Key Notes:
- Split Oversight: The bill gives CFTC spot market authority and keeps SEC fraud oversight.
- New Rules: The bill requires exchanges, brokers, and developers to register and disclose key info.
- DeFi & Custody Support: The paper exempts core DeFi functions and allows secure crypto custody.
- Pro-Innovation Agenda: Republicans aim to boost U.S. crypto leadership and reduce regulatory uncertainty.
House Republicans have proposed a comprehensive bill to create clear rules for the U.S. digital asset industry.
The bill is being led by Republicans on the House Financial Services and Agriculture Committees, who argue that current law lacks clarity on how non-security digital assets should be regulated, leaving developers and investors in legal limbo.
“The Digital Asset Market Structure” (DAMS) Discussion Draft also proposes dividing crypto regulatory authority between the SEC and CFTC. This aims to close a perceived “spot market gap.”

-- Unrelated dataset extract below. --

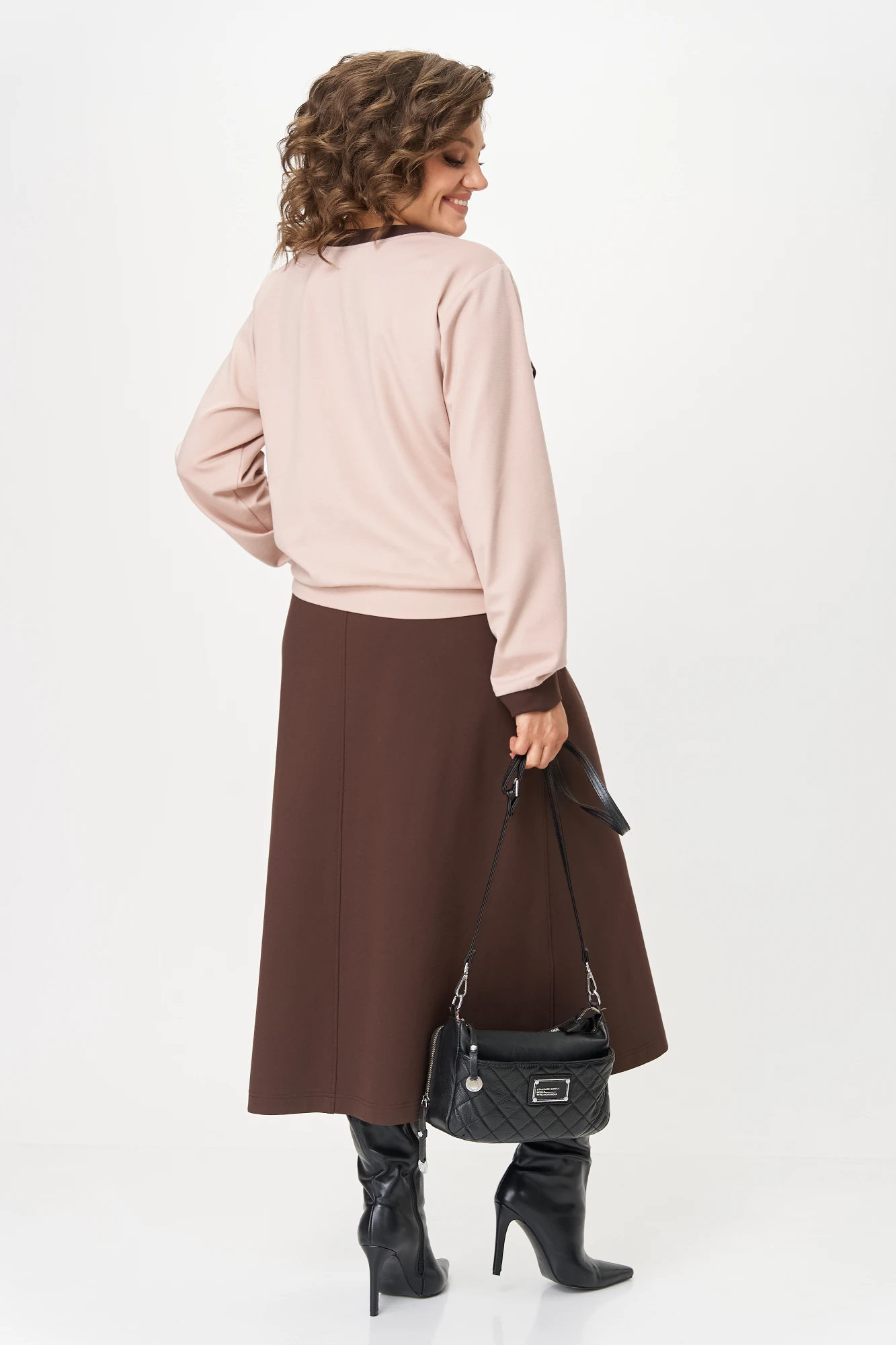 Юбочный костюм AIRA style 24129 пудра+коричневый двойка

What the (DAMS) Bill Proposes:
Establishing Clear Definitions and Oversight Roles
The bill defines key digital asset terms across the Securities Act of 1933, Exchange Act of 1934, and Commodity Exchange Act, laying the groundwork for consistent treatment. It gives the CFTC authority over digital commodity spot markets and permits the SEC to retain fraud oversight in markets it doesn’t fully regulate.
Requiring Market Participants to Register
New registration regimes would apply to:
- Digital commodity exchanges, brokers, and dealers under CFTC rules.
- SEC-registered entities dealing with stablecoins and associated digital commodities.
Protecting Consumers Through Developer Disclosures
To address fraud and user risk, the bill mandates:
- Detailed disclosures by digital asset developers about the asset’s structure, governance, and economics.
- A new “mature blockchain” certification process that distinguishes early-stage networks from established ones.
- Limits on insider sales.
Supporting Innovation Without Compromising Compliance
The bill carves out regulatory exemptions for certain decentralized finance (DeFi) activities, including:
- Validating transactions
- Publishing or updating blockchain software
- Providing user interfaces and wallets
It also recognizes blockchain custody practices, allowing institutions to hold customer digital assets without being penalized on their balance sheets—so long as operational risks are controlled.
Post-Election Agenda: Washington Eyes Global Tech Supremacy
The one-pager accompanying the draft presents the legislation as part of President Donald Trump’s vision to position the U.S. as the “crypto capital of the world, while aiming to reverse the enforcement-heavy approach taken under the Biden administration, particularly by SEC Chair Gary Gensler.
By proposing a “lasting framework” designed to “protect users while fostering technological growth”, the bill reinforces a broader push for innovation-friendly regulation in the post-election policy landscape.
Market and Investor Impact: What This Means Going Forward
For investors, the proposed legislation aims to provide greater transparency, legal clarity, and stronger safeguards, as regulated platforms would be required to segregate client funds, clearly disclose asset-related risks, and offer optional blockchain-based services, like staking, without imposing participation mandates.
For U.S.-based crypto firms, this could reopen pathways to innovation and fundraising without fear of regulatory retaliation.
The dual-agency structure also makes it easier for companies to determine which rules apply and how to comply, potentially attracting institutional investors previously deterred by ambiguity.
If enacted, the bill could stabilize crypto markets, reduce volatility caused by enforcement uncertainty, and bring venture capital back to U.S. projects that had shifted offshore.